Generalmente muchos padres suelen anticiparse a las acciones de los niños y no les dejan actuar o hacer algunas otras cosas que ya están en capacidad de hacer solos. A veces se actúa así porque se considera que los niños aún no pueden realizar cosas solitos, por evitar que se hagan daño, por comodidad, para conseguir resultados más rápidos, o porque no confían en la capacidad de reacción de sus hijos.

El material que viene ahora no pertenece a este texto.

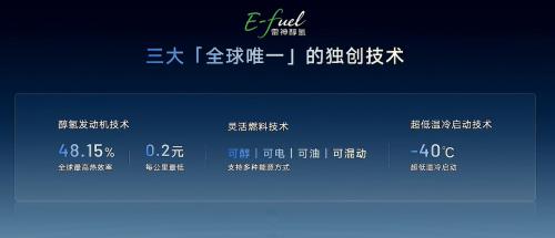 除了EM-P和EM-i外,雷神动力此次还宣布了一位“新伙伴”——雷神醇氢E-fuel。凭借三大「全球唯一」的独创技术,雷神醇氢E-Fuel现了卓越的性能与环保优势。
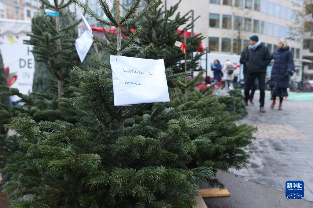 这是11月30日在比利时布鲁塞尔街头拍摄的几棵待售的圣诞树。新华社记者 赵丁喆 摄
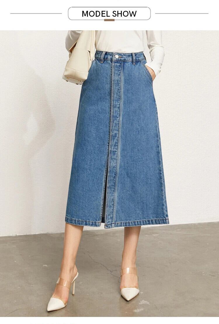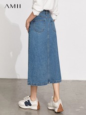 送料無料 アパレル Amii ミニマリズムデニムスカート女性夏ポケットスリットジーンズ A ラインミディスカートオフィスレディスカート 12130301 サマー 夏物 Aライン 会社 学校 通勤や通学にも AE12122237385200767 | mihatudai(みはつばい)ネットショッピングならmihatudai
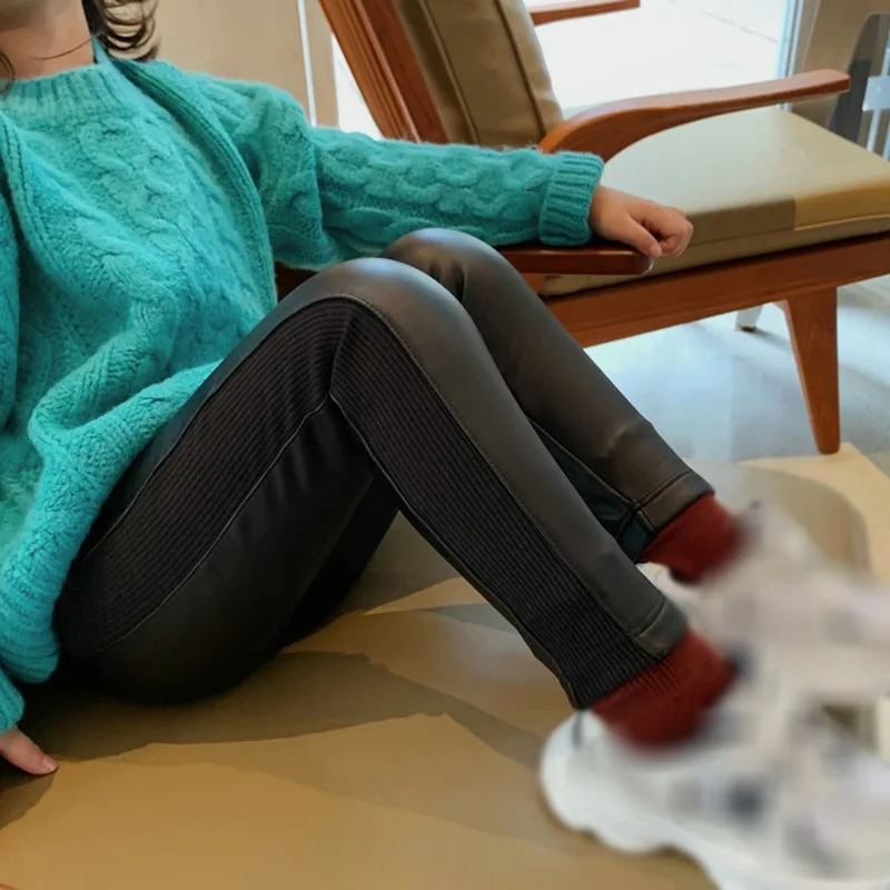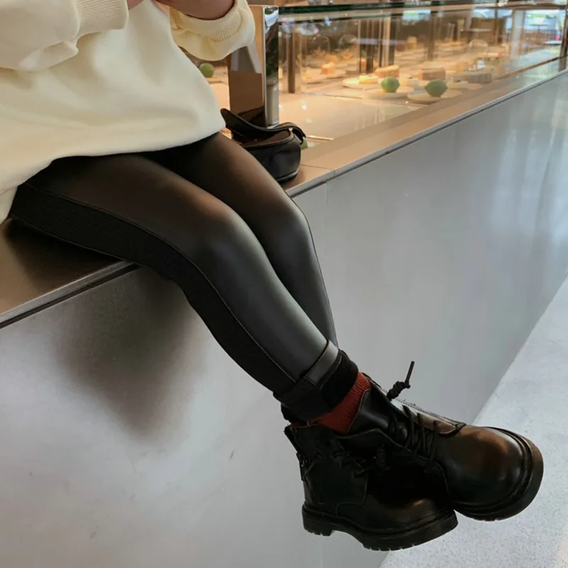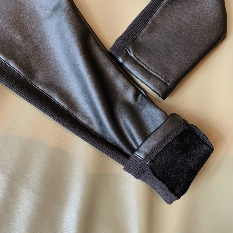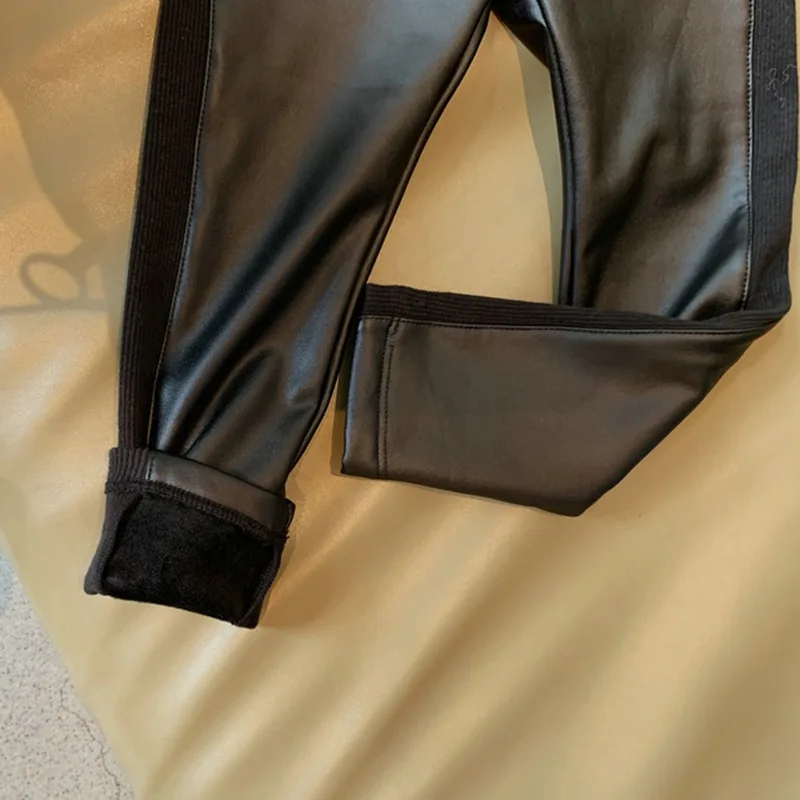 Model Number: Girls' soft leather elastic Plush warm leather pants

Los niños aprenden a ser autónomos en las pequeñas actividades diarias que desarrollarán en casa, en la guardería o en el colegio. Los niños desean crecer, quieren demostrar que son mayores en todo momento. Es misión de los padres y de los educadores, la aplicación de tareas que ayuden a los niños a demostrar sus habilidades y el valor de su esfuerzo. Colocar, recoger, guardar, quitar, abrochar y desabrochar, ir al baño, comer solo o poner la mesa son acciones que ayudarán a los niños a situarse en el espacio en que viven y a sentirse partícipes en la familia y entre sus amigos.
Los niños pueden y deben tener oportunidades para potenciar su autonomía y contemplar todo aquello que saben hacer por sí mismos, aunque para algunas cosas requieran la ayuda de otros.
Si les protegemos en exceso no aprenderán a protegerse ni conocerán el sentido del peligro. Hemos de darles pronto pequeñas responsabilidades como el cuidado y orden de sus juguetes, regar alguna planta, cuidar de alguna mascota... Cuando es pequeño conviene que verbalice sus responsabilidades en el hogar y en casa para que sepa bien lo que se le pide.